DATA:

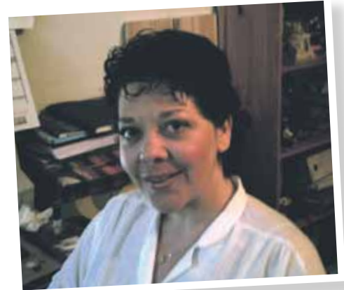
By Vitalina Le Feuvre Skål International Paris

I hope that these few lines are proof of a true “Skål spirit”, the amazing kindness and availability of Skålleagues wherever they are in the world. I want to thank them all and make it known that I am available to all Skålleagues if I can be of any help in Paris.
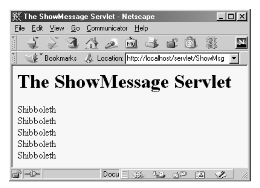
Figure 2-5 The ShowMessage servlet with server-specific initialization parameters.

Listing 2.9 shows the setup file used to supply initialization parameters to servlets used with Tomcat 3.0. The idea is that you first associate a name with the servlet class file, then associate initialization parameters with that name (not with the actual class file). The setup file is located in install_dir/webpages/WEB-INF . Rather than recreating a similar version by hand, you might want to download this file from http://www.core-servlets.com/, modify it, and copy it to install_dir/webpages/WEB-INF .

WHAT THE EXERCISE ASKS: Go through the listing above and find each line containing the string "that"; copy those lines.

TASK RESULT:
I hope that these few lines are proof of a true “Skål spirit”, the amazing kindness and availability of Skålleagues wherever they are in the world. I want to thank them all and make it known that I am available to all Skålleagues if I can be of any help in Paris.
Listing 2.9 shows the setup file used to supply initialization parameters to servlets used with Tomcat 3.0. The idea is that you first associate a name with the servlet class file, then associate initialization parameters with that name (not with the actual class file). The setup file is located in install_dir/webpages/WEB-INF . Rather than recreating a similar version by hand, you might want to download this file from http://www.core-servlets.com/, modify it, and copy it to install_dir/webpages/WEB-INF .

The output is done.